Japan’s 100-Yen Shops Boom In Pandemic But The Model Faces Challenges

thenewsmotion.com -- Jan 03
While Japan has a reputation as one of the most expensive countries in the world, there are still bargains to be had, most notably at the country’s ubiquitous “100 Yen” shops, where most of the goods cost less than a dollar each.
With the pandemic biting into many people’s salaries and allowances, Japanese shoppers have turned to the discount stores to buy everyday goods. There are over 8,000 of the stores and they brought in 900 billion yen (nearly $9 billion) for the first time in FY2020 according to a Yahoo News report from the Teikoku Data Bank.

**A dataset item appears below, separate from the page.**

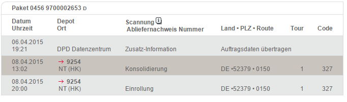 Nochmal die Frage, wie hier oben schon beschrieben, mein Paket, allerdings hat sich der Status bei DPD seit dem 08.04 nicht geändert, was mich etwas verwirrt, weil es nach der "Einrollung", also dem Scannen im StartDepot eigentlich relativ zügig weitergehen sollte ins entgültige Depot.

The number of stores of the five major companies running 100-yen shops increased by 40 percent over the past 10 years. In addition to continuing aggressive store openings, demand for a wide range of items, including kitchen utensils, daily necessities, interior goods and stationery, has rapidly expanded since the pandemic began.

The number of products has diversified during this period of expansion but the quality of goods is surprisingly high and analysts are predicting further expansion in the years to come.

Seria, which is popular among female customers for its fashionable miscellaneous goods, posted 51.991 billion yen in sales (a 6.9% increase from the same period last year). In addition to focusing on product development under the theme of “pursue attractiveness as a 100-yen shop,” the company is also promoting the introduction of self-checkout stores. Seria’s operating profit ratio is the highest among the three listed companies, with a business model that generates high profits.

Watts was the only company among the three listed conglomerates to lose revenue and profits this year. The company is trying to differentiate itself from other companies by introducing products other than 100-yen items, mainly household goods. The company has also entered the mail order business, which is said to be unsuitable for 100-yen items.

But while business is booming, the increased competition is starting to show in the companies’ results, and it seems the business model, which has supported growth due to the increase in the number of stores and customers, has become saturated.